Presenter: Ashesh Chattopadhyay

Staff Research Scientist, Palo Alto Research Center

Description: Despite consistent improvements in modern computing infrastructure, predicting the evolution of the states of multi-scale high-dimensional chaotic dynamical systems, such as the Earth’s weather, climate, large-scale engineering systems, and their extremes, such as extreme temperature, wildfire, flooding etc. remains a grand challenge in natural science and engineering. In recent times, with an influx in high-quality observations and high-fidelity simulations, data-driven methods, primarily fueled by the unprecedented success in deep learning, hold significant hope for modeling and predicting high dimensional multi-scale PDEs up to the smallest scales. However, off-the-shelf deep learning algorithms that have received significant success in the computer vision and the natural language communities cannot directly be applied to scientific problems. To that end, this talk would primarily revolve around building rigorous scientific machine learning frameworks at scale, wherein scientific priors/structure, inspired from physics and numerical methods, in the form of inductive bias, novel regularization, etc., can be baked into the deep learning architectures. We would explore different failure modes in the form of instabilities and their mitigation strategies in scientific machine learning models of PDEs, applications to data assimilation in high-dimensional chaotic systems, and finally build an “explanability” framework for out-of distribution generalization of deep hybrid (deep learning and numerical) models of multi-scale PDEs, grounded in physical and deep learning theory.

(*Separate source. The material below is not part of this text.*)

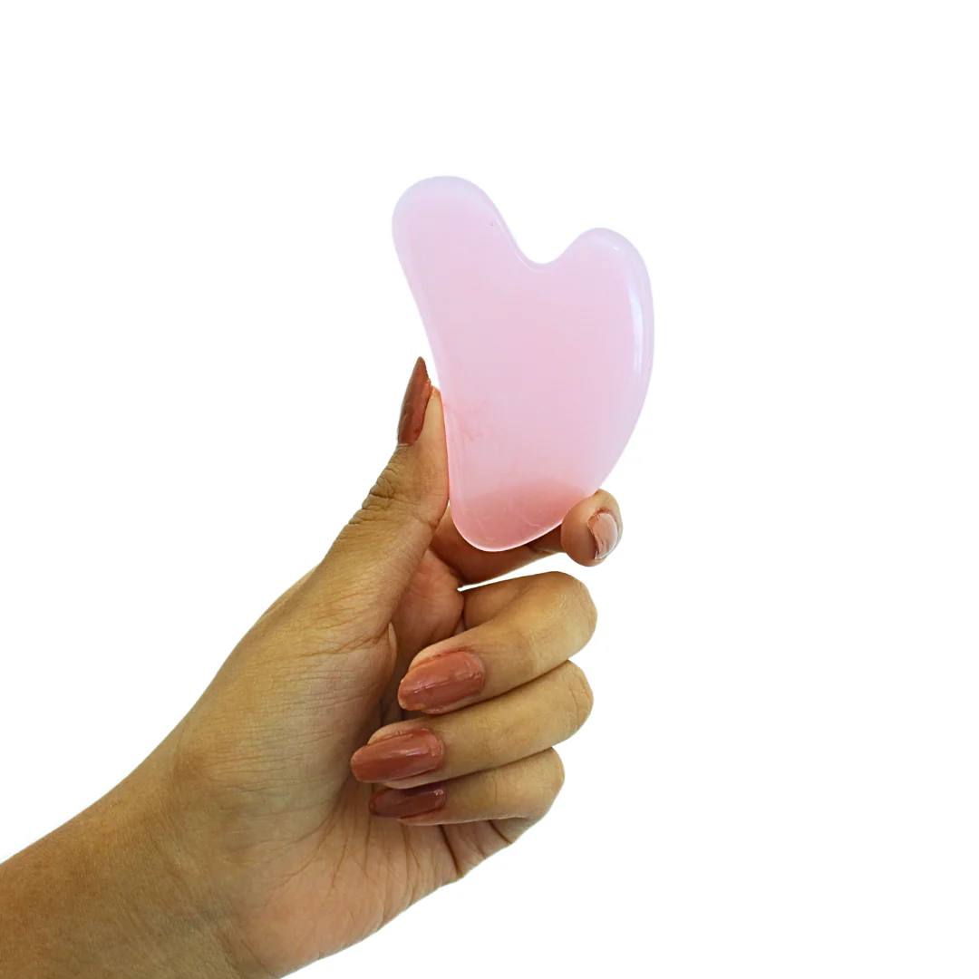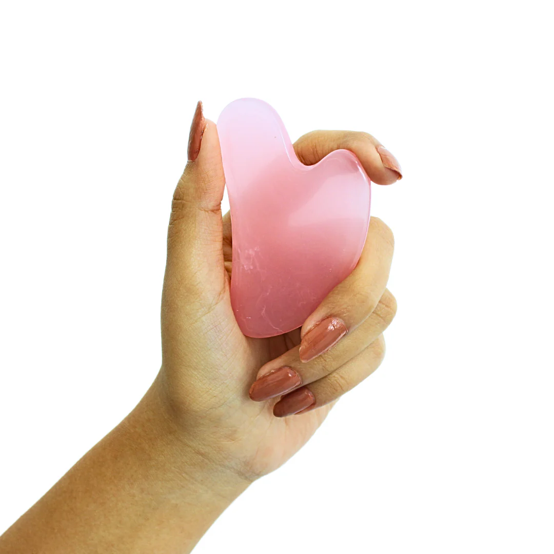 La Gua Sha Pink es ideal para realizar esta técnica en casa, es de resina porque queremos acercarte una herramienta resistente que viaje contigo sin temor a que se rompa (las de cuarzo son hermosas pero no soportan caídas).

Bio: Ashesh Chattopadhyay is a staff research scientist at the Palo Alto Research Center in the Intelligent Systems Laboratory. His current research interests are at the intersection of deep learning theory, dynamical systems, and high-performance scientific computing, aimed at building scalable scientific machine learning frameworks for data assimilation and prediction of complex systems. He did his PhD in the department of Mechanical Engineering at Rice University in November 2022, where he worked on scientific machine learning for computational physics. During his PhD, he spent about a year and a half at Lawrence Berkeley National Laboratory, developing physics-constrained generative models for Earth system prediction. Prior to this, he got his master’s in computational science at the University of Texas, El Paso, where he worked on high-performance computing. He got his bachelor’s degree at the Indian Institute of Technology, Patna, India, in Mechanical Engineering, where he worked on computational geometry and optimization for fluid interface modeling.